# Returning from abroad to unemployment status - can I claim the dole



## moriars

I have worked for 40 months abroad - for a foreign company. I am now retruning to Ireland effectively unemployed. Before I left Ireland I have been paiying full PRSI for the last 20 years. Am I still entiled to claiming the dole until I find work?


----------



## Black Sheep

The only to be absolutely sure is to fill up the application form (download from welfare.ie) fill it up, and take it with ID and proof of address to your nearest SW office


----------



## wbbs

Have you already returned?  If not can you apply before you come back in the country you are in and then transfer your entitlement back to Ireland.   Not sure but otherwise you might run into trouble with the habitual residency condition.


----------



## beffers

You should qualify for Job Seekers allowance as long as you pass the means test and the habitual residency condition. You will be fine on the habitual residency condition if you can prove that you have severed ties to your previous country of residence, and reestablished them here.
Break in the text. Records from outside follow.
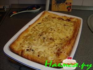 Нарежьте полукольцами лук спассируйте до легкого золотистого цвета, добавьте грибы, немного обжарьте и все также , как и в первом пироге, но сыр здесь будет очень кстати.
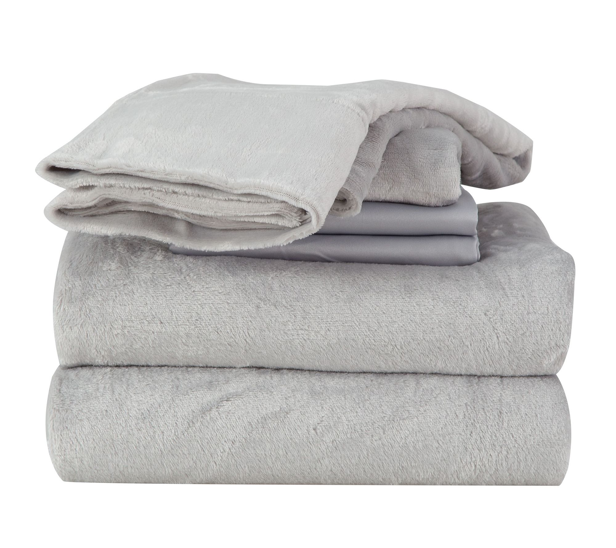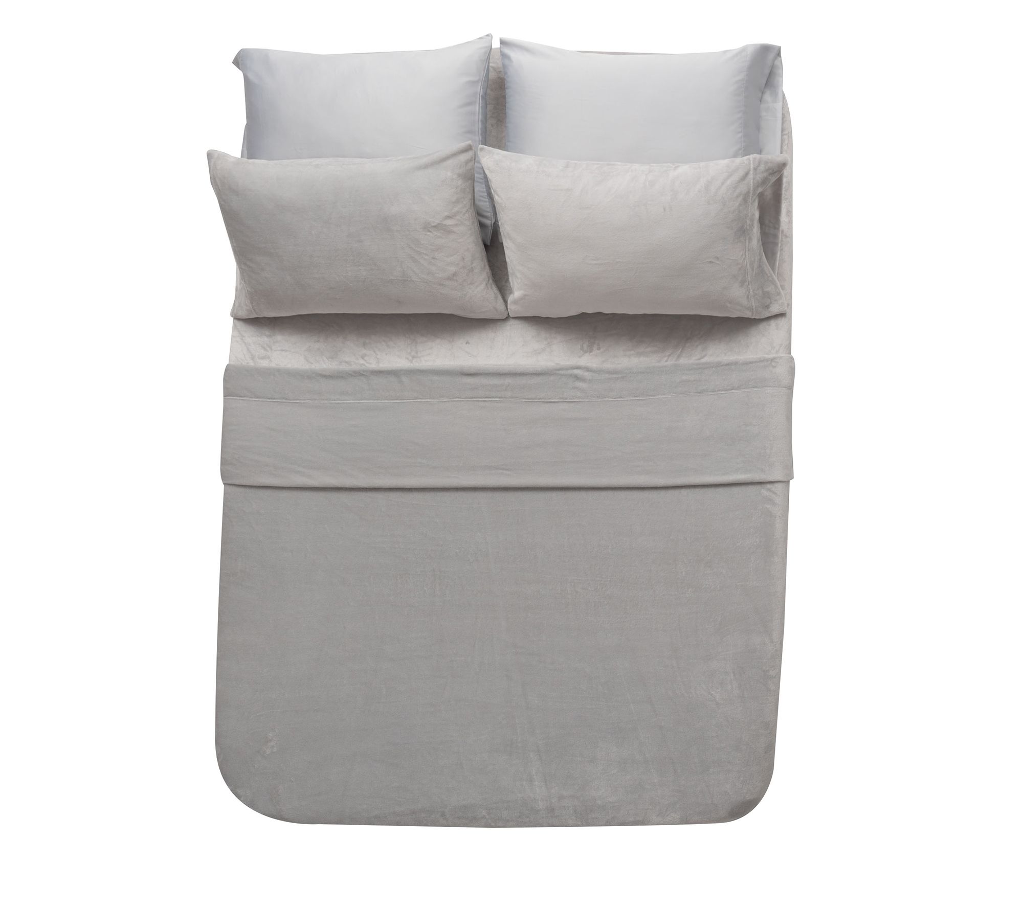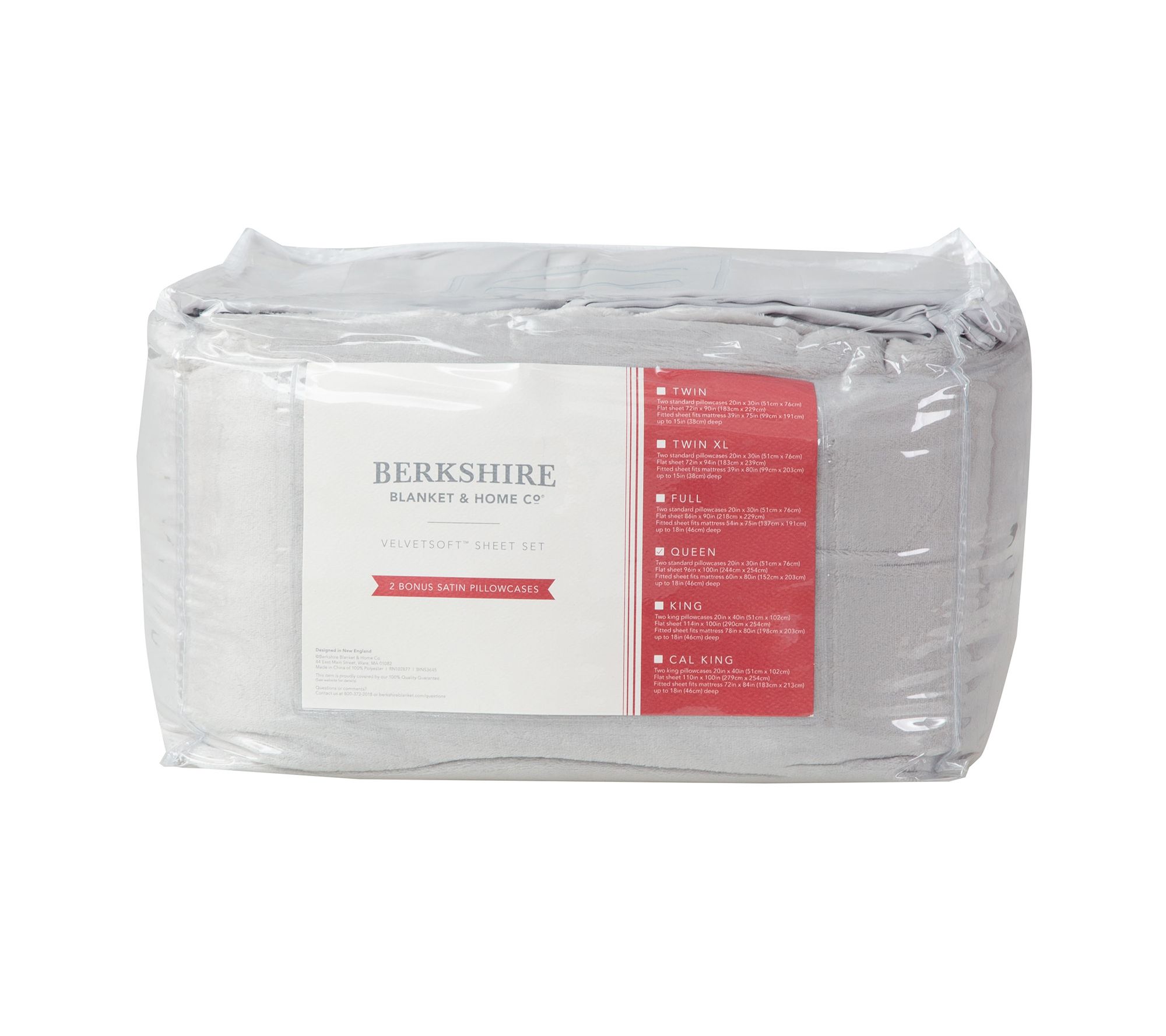 Includes flat sheet, fitted sheet, two Velvetsoft pillowcases, and two satin pillowcases
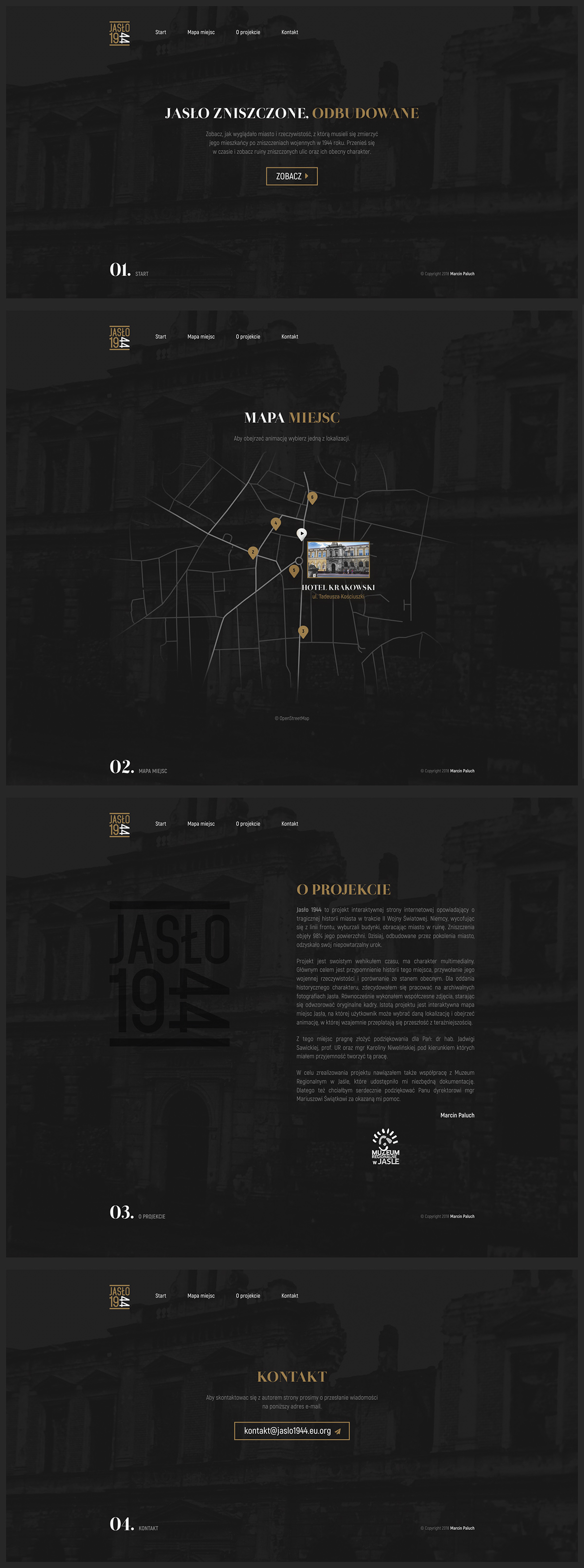 Projekt graficzny oraz front-end strony, opowiadającej historię zniszczonego miasta - Jasła.

Get a letter from your old landlord/estate agent (if possible) confirming that you have canceled your lease there or sold a home there. Get proof that you lost your job & get letters/emails from utility companies proving you canceled accounts with them. Get paperwork that proves that you no longer own a taxed and insured car in that country. Get proof that you have closed bank accounts in that country etc etc. Then get together proof that shows that you have committed to living in Ireland permanantly again...a copy of a lease in your name, electricity, phone telly etc etc bills in your name etc etc. 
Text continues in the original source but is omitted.